The work is being carried out in collaboration with Mitsubishi Materials Corporation (MMC), the Research Institute of Innovative Technology for the Earth (RITE) and the Central Research Institute of Electric Power Industry (CRIEPI). Funding is being provided by Japan's New Energy Development Organisation (NEDO).

A potential advantage of sequestering CO₂ in geothermal areas, where high temperatures (to several hundred °C) occur, is that reactions between CO₂-charged water and rock will be more rapid than in rocks at lower temperatures. In turn these reactions could potentially favour the trapping of CO₂ in solid mineral phases such as calcite. To evaluate the feasibility of this sequestration option the coupled flow-reaction processes that would accompany CO₂ injection must be understood. If the reaction rates are too fast and the rocks' porosity and permeability decrease near to the CO₂ injection point, further CO₂ injection might be prevented. On the other hand, if reactions are too slow or porosity increases too much, then injected CO₂ might migrate too far and leak from the rock reservoir.
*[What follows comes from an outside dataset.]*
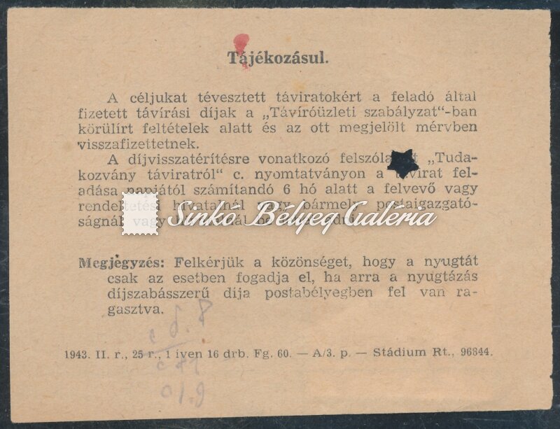 Leírás | 1949.05.03. Távirati díjnyugta GYŐR/1, 60f bélyeggel! Érvénytelenítő lyukasztással! / 1949.05.03. Telegraphic price receipt GYOR/1, with 60f stamp! With invalidating punch! |

Quintessa has evaluated various aspects of this coupling, by theoretical modelling using a combination of widely used geochemical simulation codes (PHREEQC and Geochemist's Workbench) and Quintessa's own Raiden3. Raiden3 fully couples simulations of flow and reactions while taking into account reaction kinetics. One application of Raiden3 in the present project has been to develop an improved understanding of the processes that occur during the migration of CO₂-saturated water through granodiorite at 200°C and 100 bars.